# The problem:
Required from the data below: the exact lines starting at the line containing "SHR 是量化应激下血糖波动的创新指标,已被证实与多种疾病不良预后相关,但在 CKM" and ending at the line containing "The Global Battery-Free", with both ends kept and all pictures dropped.

=-=-=-=-=

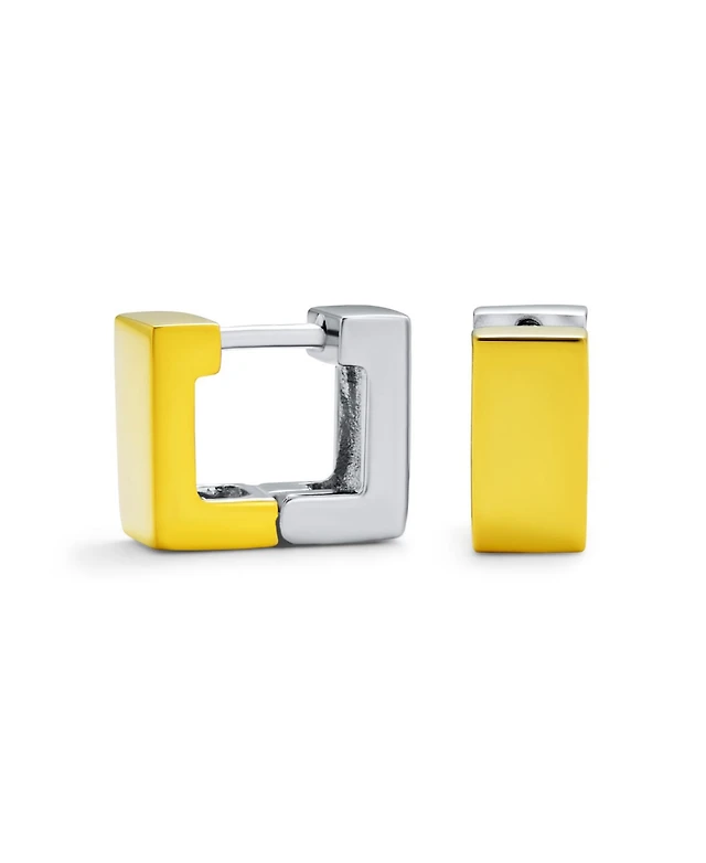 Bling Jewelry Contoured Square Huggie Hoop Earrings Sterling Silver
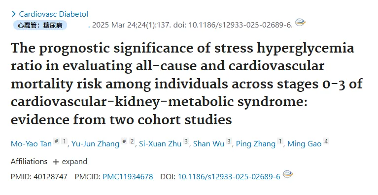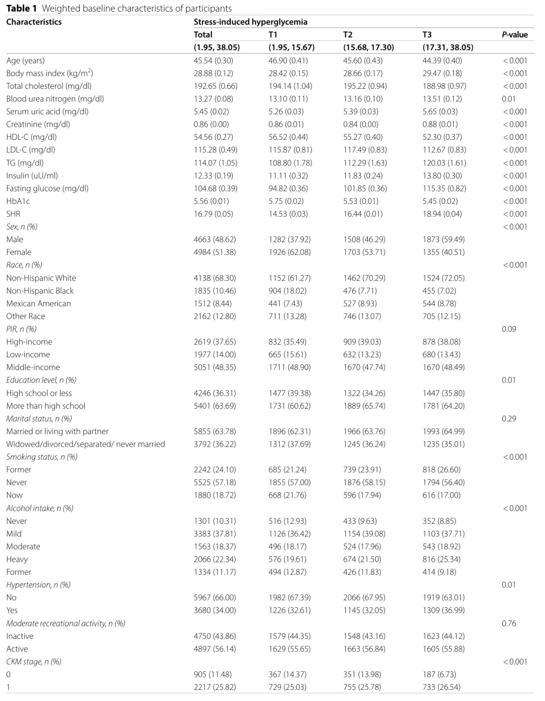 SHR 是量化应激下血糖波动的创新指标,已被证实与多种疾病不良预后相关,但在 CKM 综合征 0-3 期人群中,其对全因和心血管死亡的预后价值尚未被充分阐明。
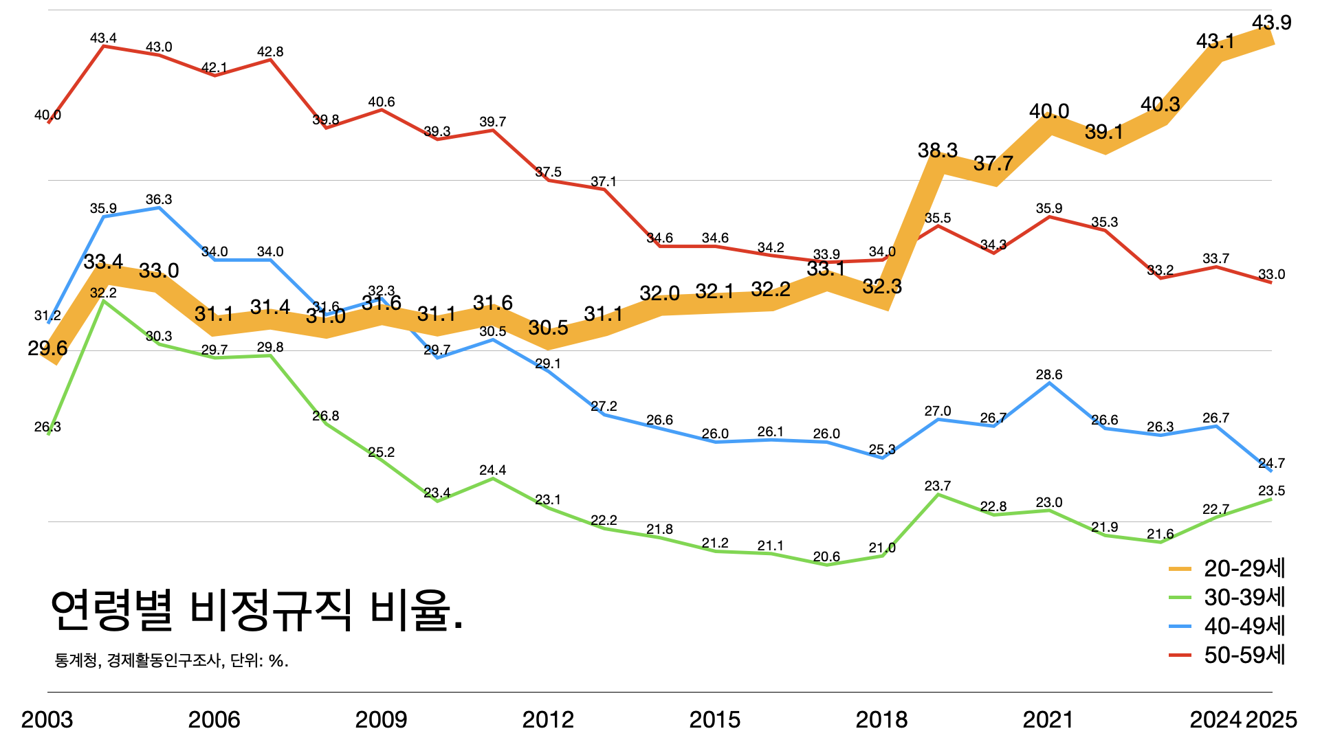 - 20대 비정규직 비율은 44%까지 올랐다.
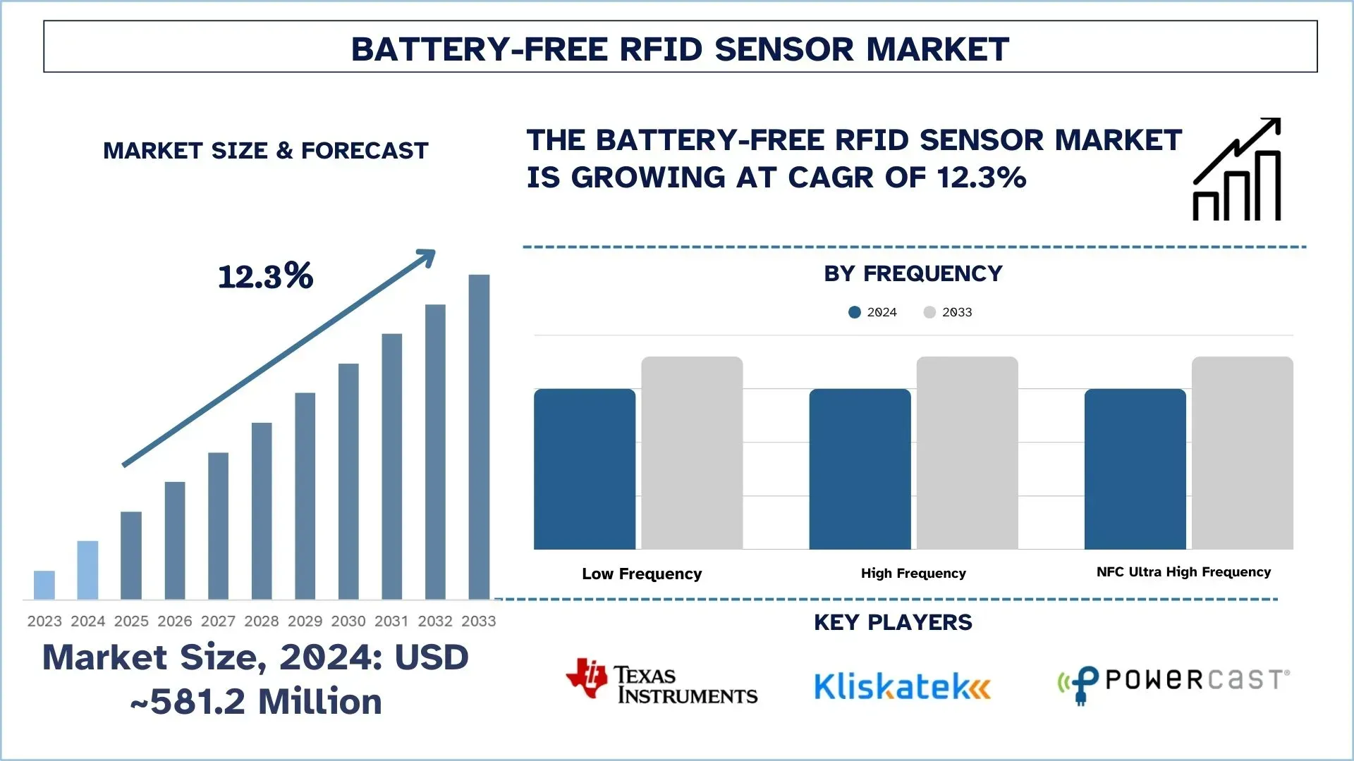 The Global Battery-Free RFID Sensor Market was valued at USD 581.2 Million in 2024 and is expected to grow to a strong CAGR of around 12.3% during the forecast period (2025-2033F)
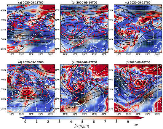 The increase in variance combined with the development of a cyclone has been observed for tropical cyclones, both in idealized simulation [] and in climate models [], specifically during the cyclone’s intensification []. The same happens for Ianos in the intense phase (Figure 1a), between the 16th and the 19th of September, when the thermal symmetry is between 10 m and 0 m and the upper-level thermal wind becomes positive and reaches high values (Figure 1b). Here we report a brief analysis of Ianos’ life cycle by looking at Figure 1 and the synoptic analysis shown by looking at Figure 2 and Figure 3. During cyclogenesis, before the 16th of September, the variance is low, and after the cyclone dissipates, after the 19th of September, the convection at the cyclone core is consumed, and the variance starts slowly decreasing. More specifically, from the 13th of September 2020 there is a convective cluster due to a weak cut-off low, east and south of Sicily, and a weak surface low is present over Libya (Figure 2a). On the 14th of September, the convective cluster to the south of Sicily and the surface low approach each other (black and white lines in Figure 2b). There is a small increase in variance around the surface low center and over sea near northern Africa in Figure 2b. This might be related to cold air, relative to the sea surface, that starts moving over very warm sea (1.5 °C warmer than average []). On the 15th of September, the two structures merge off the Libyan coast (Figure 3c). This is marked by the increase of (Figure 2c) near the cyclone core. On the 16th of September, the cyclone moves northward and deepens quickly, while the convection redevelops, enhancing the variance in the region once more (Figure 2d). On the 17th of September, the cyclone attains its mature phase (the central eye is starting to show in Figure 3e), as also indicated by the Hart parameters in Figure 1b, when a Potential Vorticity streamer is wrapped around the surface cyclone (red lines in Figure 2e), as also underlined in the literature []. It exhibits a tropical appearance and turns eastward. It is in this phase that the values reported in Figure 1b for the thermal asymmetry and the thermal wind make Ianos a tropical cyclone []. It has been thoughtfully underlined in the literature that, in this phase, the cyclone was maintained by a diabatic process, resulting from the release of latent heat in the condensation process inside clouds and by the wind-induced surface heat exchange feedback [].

=-=-=-=-=

# Answer to the problem:
 SHR 是量化应激下血糖波动的创新指标,已被证实与多种疾病不良预后相关,但在 CKM 综合征 0-3 期人群中,其对全因和心血管死亡的预后价值尚未被充分阐明。
 - 20대 비정규직 비율은 44%까지 올랐다.
 The Global Battery-Free RFID Sensor Market was valued at USD 581.2 Million in 2024 and is expected to grow to a strong CAGR of around 12.3% during the forecast period (2025-2033F)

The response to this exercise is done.